**** THE DATA
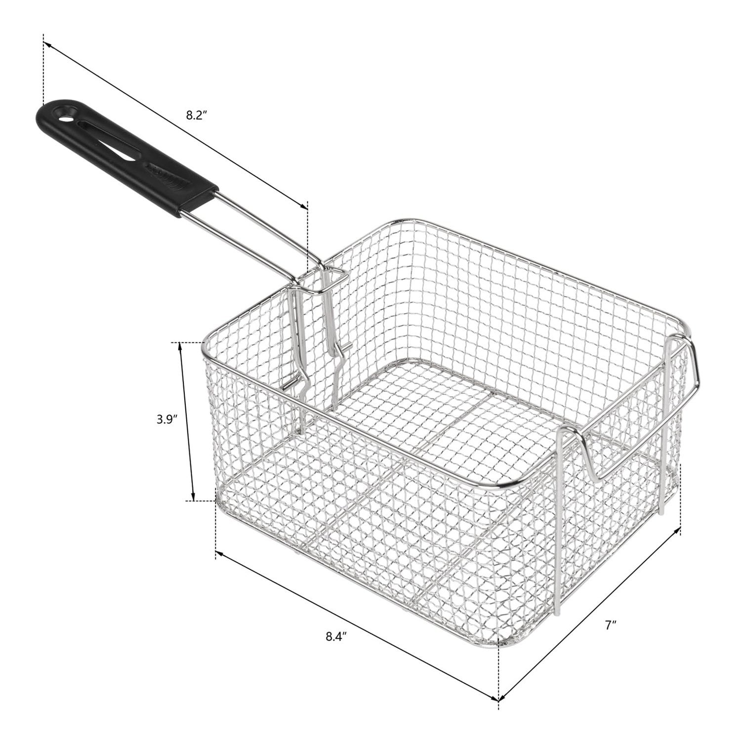 - SAFER: Lid prevents boiled oil splashing. And fryer basket with plastic handle prevents scalding of your hands and brings safe and easy operation. Heating pipe of the electric deep fryer distributes even and quick heat, and the temperature indicator light displays when the fryer is heating oil.
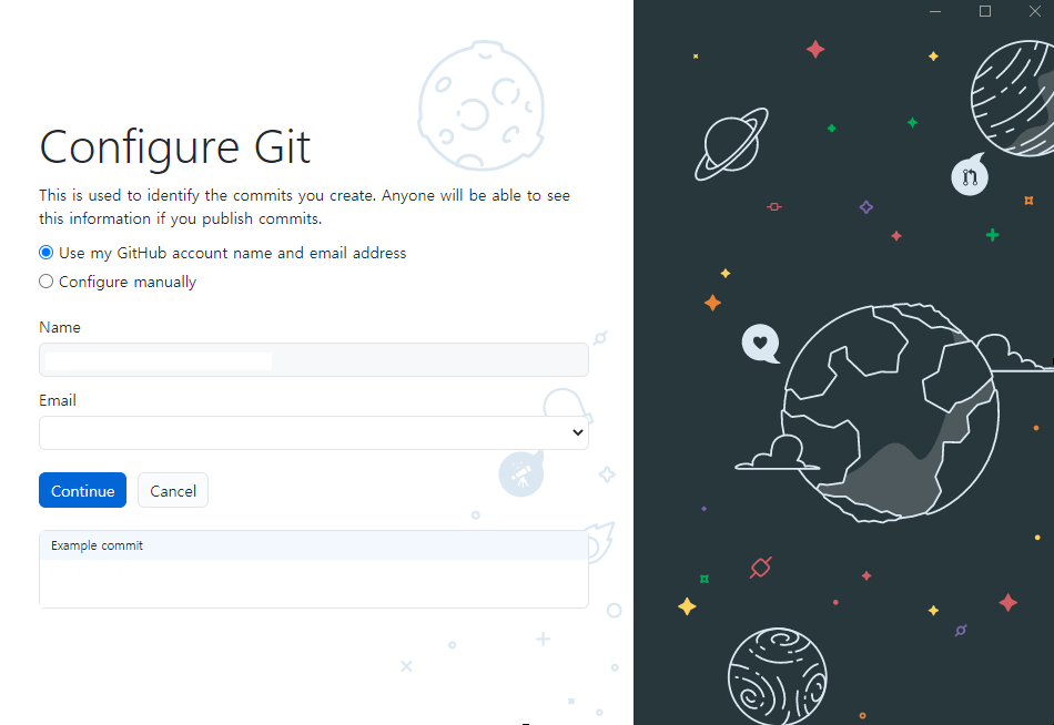 Configure Git 창이 나오고 Name, Email 정보가 나옵니다
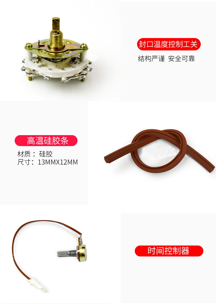 • 故障原因:加熱溫度不夠,加熱時間過短,封口壓力不足,封口處有異物或不平整,加熱絲老化。
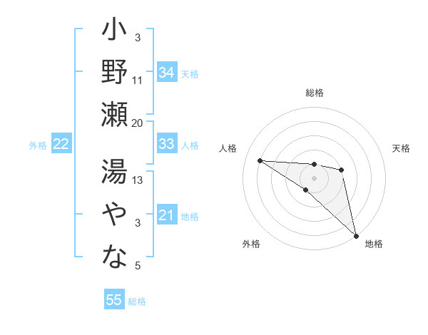 小野瀬 湯やなさんの総格は55画の1点!
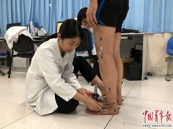 医生正在给患者测量脚踝宽度,为三维步态测试提供参考数据。刘昶荣/摄
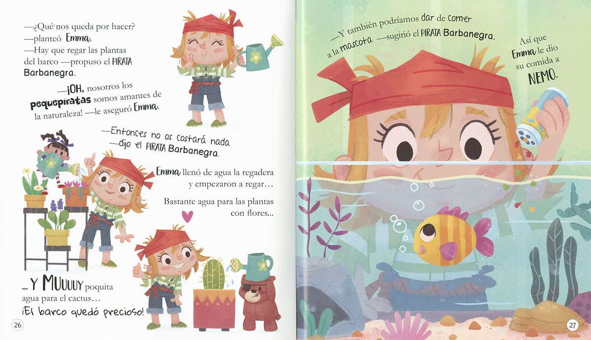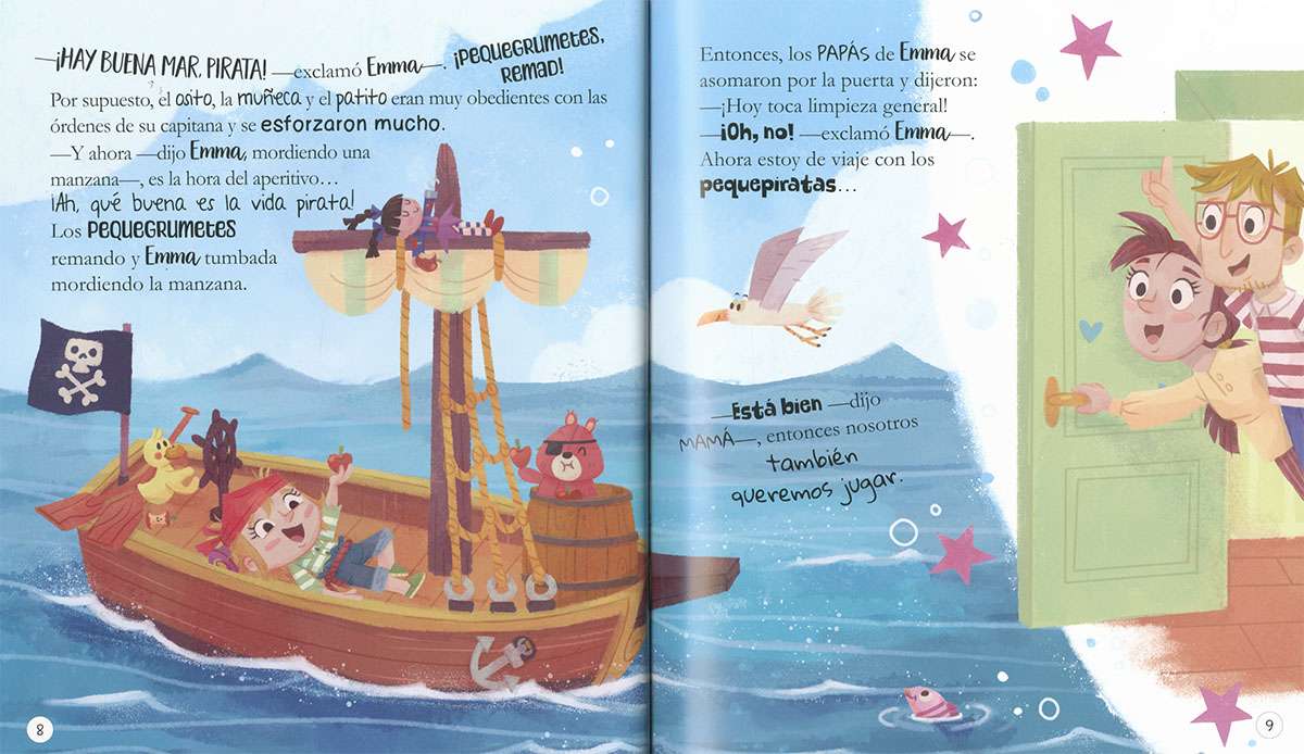 Un sábado lluvioso no era el mejor día para salir a jugar al parque, ni para montar en bici o patinar, pero sí para convertirse de nuevo... ¡en la pirata Emma! Así que la capitana reunió a su tripulación de pequepiratas y se dispuso a cargar el barco para una larga travesía. Pero entonces, aparecieron los padres de Emma, que también querían jugar a ser piratas. Se pusieron un nombre y... ¡a la aventura! Primero, había que preparar el camarote, luego fregar la cubierta, pescar la comida... ¡y mucho más! ¡Qué gran día pasaron todos juntos en casa jugando y trabajando! Una mañana de martes, Emma se despertó con muchas ganas de hacerse pirata, pero antes sus padres y sus abuelos le enseñaron todo lo que tiene que tener un pirata para ser el mejor: un buen desayuno, un uniforme perfecto, la bandera y la espada, ¡y mucho mucho más! Un gran libro ilustrado a todo color para los piratas más aventureros.
********
■ **ACTIVITY**:
Each line from the start of the entries above through the line with "医生正在给患者测量脚踝宽度,为三维步态测试提供参考数据。刘昶荣/摄" should be duplicated exactly, leaving out the pictures.

■ **YOUR RESPONSE**:
 - SAFER: Lid prevents boiled oil splashing. And fryer basket with plastic handle prevents scalding of your hands and brings safe and easy operation. Heating pipe of the electric deep fryer distributes even and quick heat, and the temperature indicator light displays when the fryer is heating oil.
 Configure Git 창이 나오고 Name, Email 정보가 나옵니다
 • 故障原因:加熱溫度不夠,加熱時間過短,封口壓力不足,封口處有異物或不平整,加熱絲老化。
 小野瀬 湯やなさんの総格は55画の1点!
 医生正在给患者测量脚踝宽度,为三维步态测试提供参考数据。刘昶荣/摄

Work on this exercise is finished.